The Sense Behind the Nonsense From Iraq's Foreign Minister
On the eve of a major donor's conference in Washington, Iraq's foreign minister, Ibrahim al-Jaafari, would like Americans to know a few things about his country.
First, Iraqis are not a sectarian people: "Coexistence is a culture that lives in Iraq." Second, Iraqis of all backgrounds suffered equally under Saddam Hussein. (Never mind what those Kurds over there might tell you.) And finally, there are no Americans fighting the Islamic State today on Iraqi soil.
If you believe this, then al-Jaafari would like to get in touch later to discuss a few bridges he is putting on the market. For the rest of you, though, al-Jaafari's remarks illustrate how many Iraqi elites sound delusional when speaking to foreign audiences.
Let's look at al-Jaafari's first and most significant claim. He repeated this line about his countrymen being nonsectarian several times at his talk Tuesday at the U.S. Institute of Peace. When asked about how the Sunni Arab minority complain publicly that the government in Baghdad does not represent them, al-Jaafari dismissed the point entirely, stating that Sunnis serve in the government, the police and the parliament.
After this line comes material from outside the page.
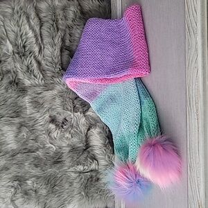 Handmade multi colored scarf with fur pom poms. 50" long - 56" if you include pom pom.
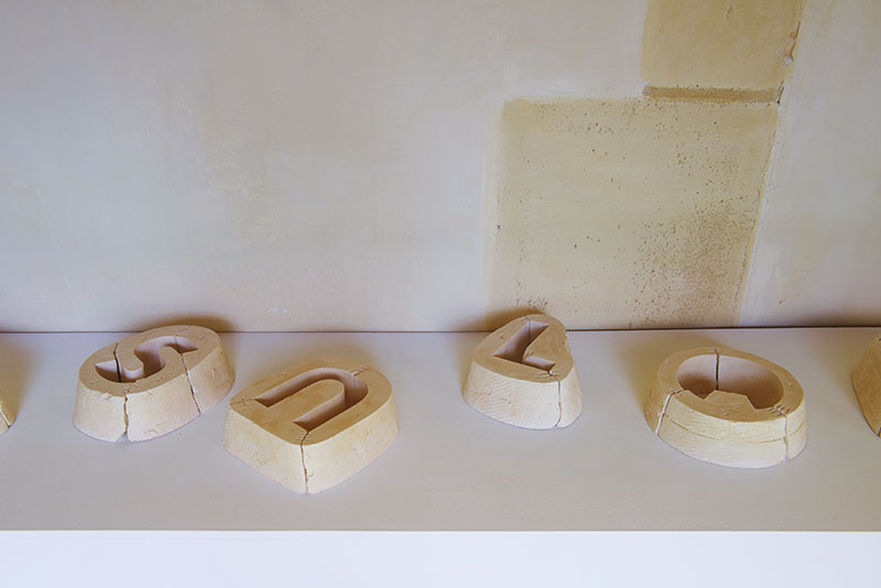 L’homme ne vit pas seulement de pain #2, 2012-2013, Article 13 de la Déclaration Universelle des Droits de l’Homme gravé à la main dans des savons de Marseille, 81 x 253,5 x 4 cm ; œuvre réalisée dans le cadre de Marseille Capitale Européenne de la culture, 2013, Ateliers de l’EuroMéditerranée. © Taysir Batniji, Courtesy galeries Sfeir-Semler et Eric Dupont.

While this is true, it's also misleading. One of the precursors to the Islamic State's 2014 rampage throughout Iraq was a series of largely nonviolent protests in Sunni majority areas of the country. The Shiite prime minister at the time, Nouri al-Maliki, responded to these protests with his military and mass arrests.
Al-Jaafari's own political biography also puts the lie to his claim about Iraqi nonsectarianism. When he served as prime minister, he was a member of a confessional Shiite party known as Dawa. He has since split from this party and started a reform bloc. But Maliki and his successor, Haidar al-Abadi, are both members of Dawa in good standing. When Ayad al-Allawi's multi-confessional party won the most parliamentary seats in the 2010 elections, Dawa and other Shiite parties struck a deal with the Kurds, to keep Sunni parties out of the governing coalition.
So what is going on here? Al-Jaafari is making the case that the Islamic State and Shiite extremists in the country are foreign influences, but are not really Iraqi. Again, there is a grain of truth to this. The Islamic State's predecessor, Al Qaeda in Iraq, was a part of Osama bin Laden's terror group and was directed by its leadership in Pakistan. Iran has funded and supported the Shiite militias that have stoked sectarianism too.
But many Sunni Iraqis are also attracted to the poison of the Islamic State, even if a large majority of them pledge their allegiance to this self-proclaimed caliphate only because they are forced to do so. As Kyle Orton, a British security blogger, has documented, many Baathists purged from the post-Saddam state filled the ranks of Al Qaeda and later the Islamic State. During Maliki's crackdowns in late 2013 and early 2014, some prominent Sunni tribal leaders stated openly that they preferred the Islamic State to Maliki's army.
"The Iraqi conversation in social media and other forums is far more advanced than this happy talk," Nibras Kazimi, the proprietor of the Talisman Gate blog that focuses on Iraqi politics, told me. "There is deep introspection about where the extremism is coming from and what is ahead for Iraq in containing extremism and healing its wounds."
This gets to the part of al-Jaafari's talk this week that had some merit. When he was detailing how Iraqi army units and volunteer militias were fighting and winning against the Islamic State, he said, "Iraqis are not only defending themselves, they are defending the world."
Again, this is only part of the picture. The participation of some Shiite militias in the battle against the Islamic State will only exacerbate the sectarian tensions that al-Jaafari says do not exist. At the same time, as the terror in France and Germany in the last week shows, the Iraqi fight is the West's fight too.
That's the message al-Jaafari will convey Wednesday to foreign and defense ministers gathering in Washington for a conference to help fund the campaign to retake Mosul, Iraq's second-largest city, which the Islamic State has occupied now for more than two years. It would be a shame if that message were lost because Iraq's foreign minister insists on dressing it up with pleasant-sounding fictions.